Please reproduce the entries exactly, skipping each picture.
----------------------------------------
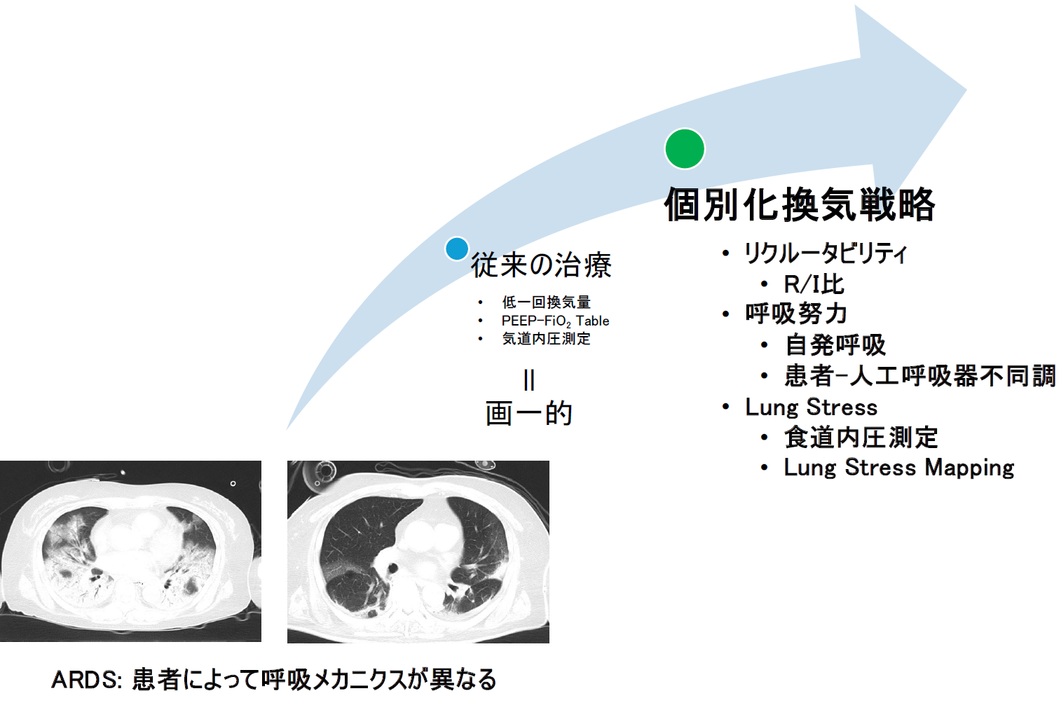 急性呼吸窮迫症候群/個別化換気戦略/肺リクルータビリティ/呼吸努力/ラングストレス
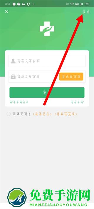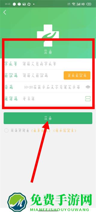 4、依次填写手机号、验证码等信息,点击注册,完成注册。
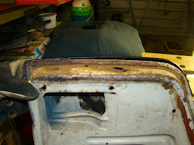 Here's the repair patch lined up on the outer skin of the door. And the rust hole that I didn't notice until the door was off.
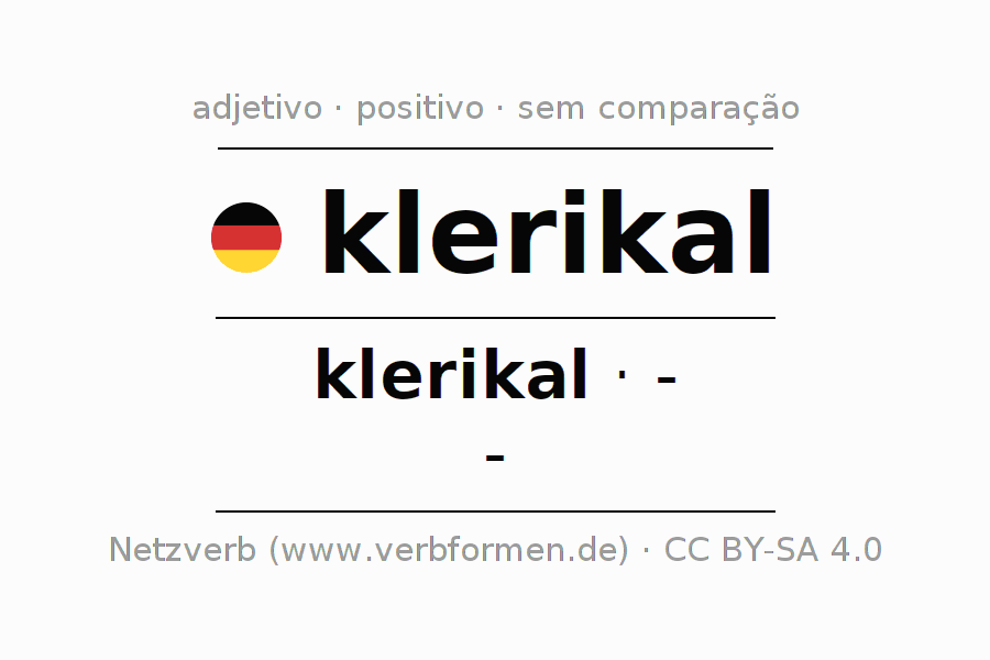 A declinação do adjetivo klerikal não forma o grau de comparação klerikal. O adjectivo não tem forma no comparativo e nem no superlativo. O adjectivo klerikal pode ser utilizado tanto como atributivo antes de um substantivo ou como predicativo junto com um verbo.Não se pode flexionar e comparar somente o adjetivo klerikal, mas sim todos os adjetivos em alemão. Comentários ☆
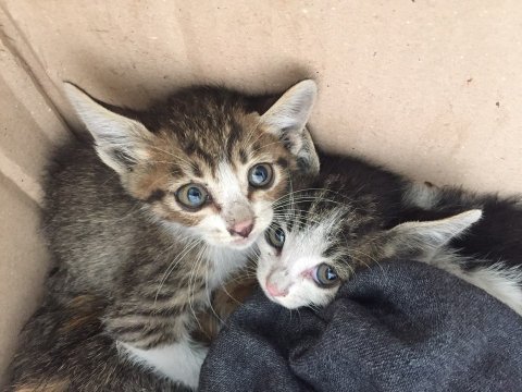 두번째 출산한지 얼마 안된터라 남겨진 새끼냥이들 4마리를 구조하였습니다.
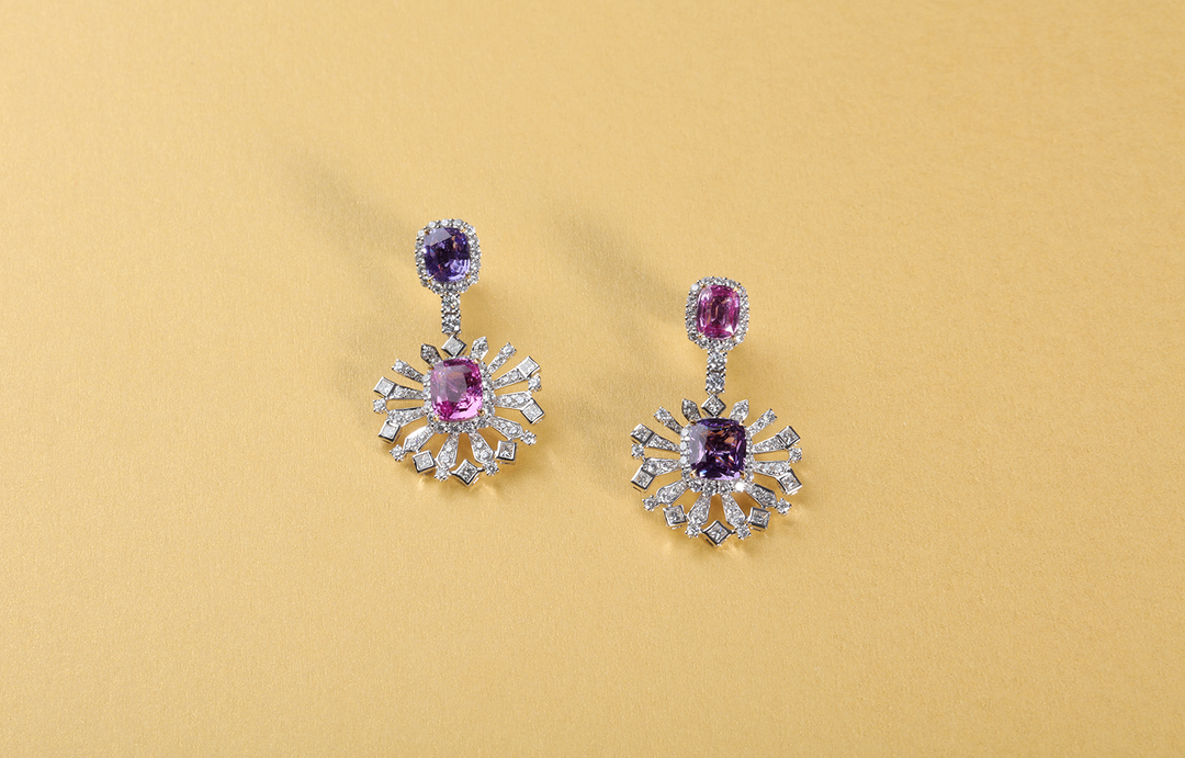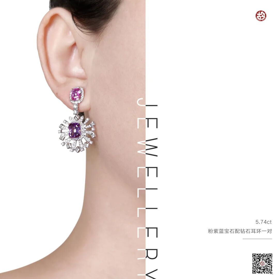 5.74克拉粉紫蓝宝石配钻石耳环一对
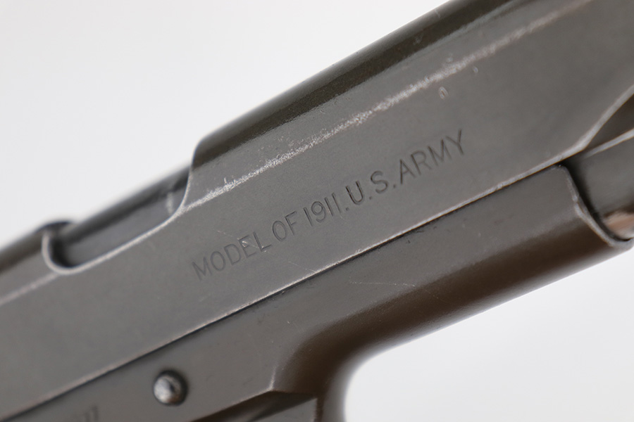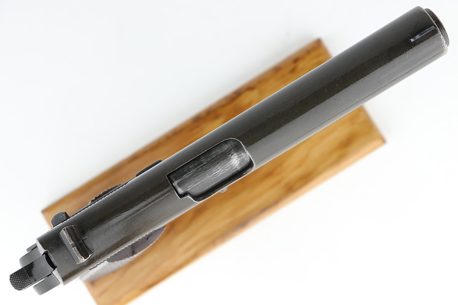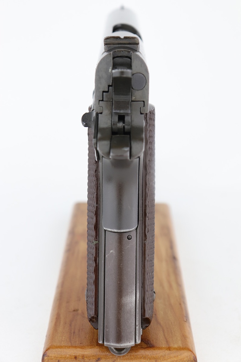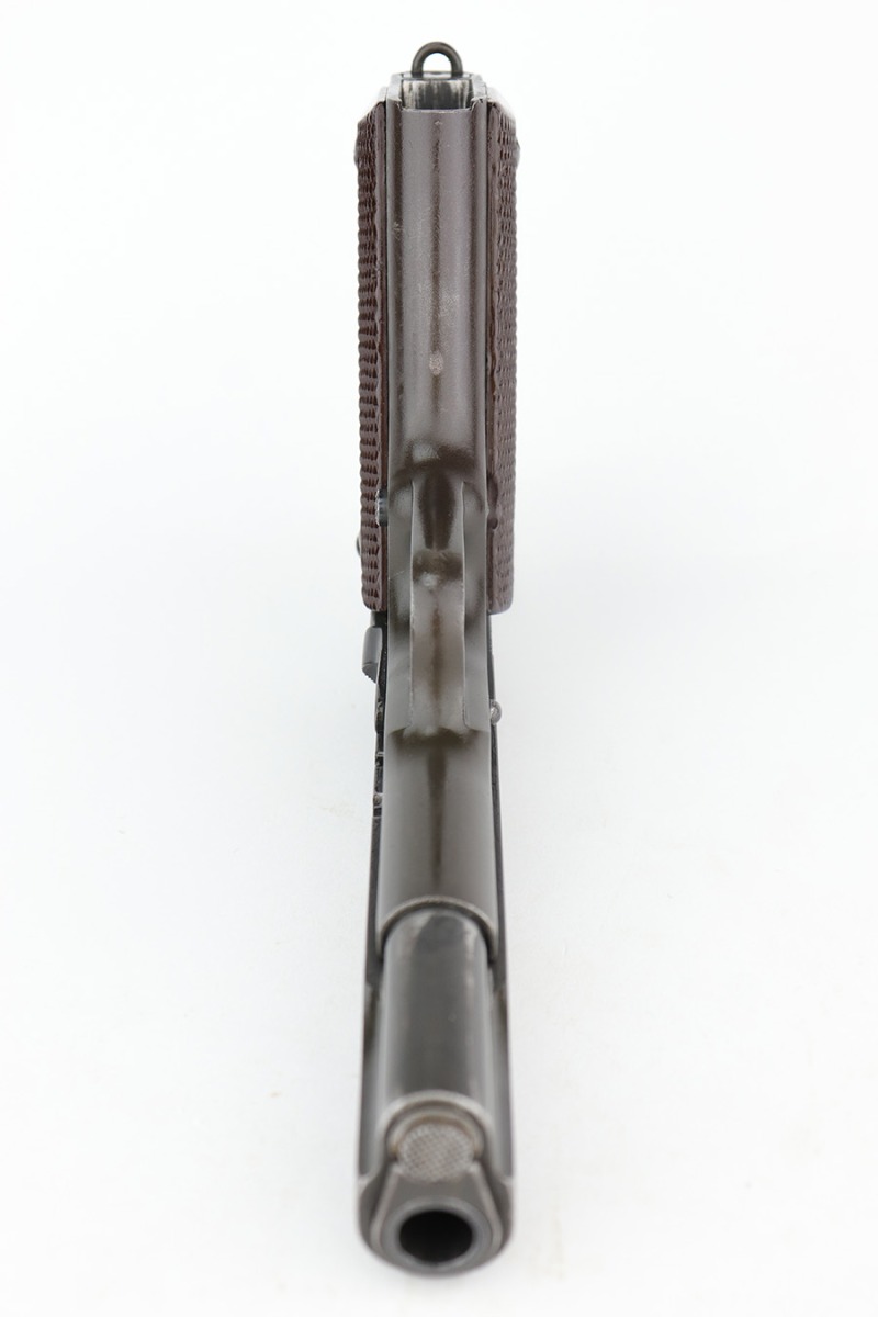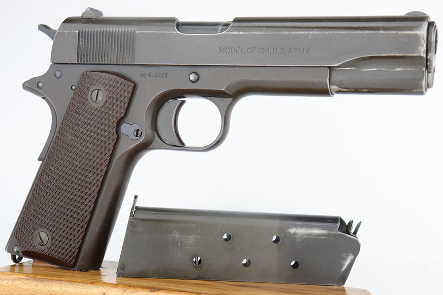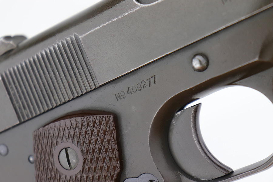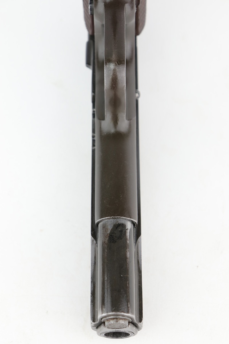 12/19/22 – This is a nice example of a Colt Model 1911 issued to the US military in 1918. It is “United States Property” marked and has a very faint “Eagle Head S16” military acceptance proof on the left side of the frame. The entire gun has been refinished and parkerized, possibly for re-issue during WW2. It comes with a Springfield barrel that has also been parkerized. The gun itself has retained about 96% of its finish. There is minor wear around the muzzle, high edges of the slide, and a couple of small spots of wear on the grip straps. There is some dark splotchy discoloration here and there, mostly on the left side of the slide. Light brown patina on the grip straps. Fitted with a set of nice WW2-era reddish plastic grips and comes with a parkerized magazine. The bore has good rifling, but there is frosting and pin-pricking throughout.
----------------------------------------
## Result for this exercise
 急性呼吸窮迫症候群/個別化換気戦略/肺リクルータビリティ/呼吸努力/ラングストレス
 4、依次填写手机号、验证码等信息,点击注册,完成注册。
 Here's the repair patch lined up on the outer skin of the door. And the rust hole that I didn't notice until the door was off.
 A declinação do adjetivo klerikal não forma o grau de comparação klerikal. O adjectivo não tem forma no comparativo e nem no superlativo. O adjectivo klerikal pode ser utilizado tanto como atributivo antes de um substantivo ou como predicativo junto com um verbo.Não se pode flexionar e comparar somente o adjetivo klerikal, mas sim todos os adjetivos em alemão. Comentários ☆
 두번째 출산한지 얼마 안된터라 남겨진 새끼냥이들 4마리를 구조하였습니다.
 5.74克拉粉紫蓝宝石配钻石耳环一对
 12/19/22 – This is a nice example of a Colt Model 1911 issued to the US military in 1918. It is “United States Property” marked and has a very faint “Eagle Head S16” military acceptance proof on the left side of the frame. The entire gun has been refinished and parkerized, possibly for re-issue during WW2. It comes with a Springfield barrel that has also been parkerized. The gun itself has retained about 96% of its finish. There is minor wear around the muzzle, high edges of the slide, and a couple of small spots of wear on the grip straps. There is some dark splotchy discoloration here and there, mostly on the left side of the slide. Light brown patina on the grip straps. Fitted with a set of nice WW2-era reddish plastic grips and comes with a parkerized magazine. The bore has good rifling, but there is frosting and pin-pricking throughout.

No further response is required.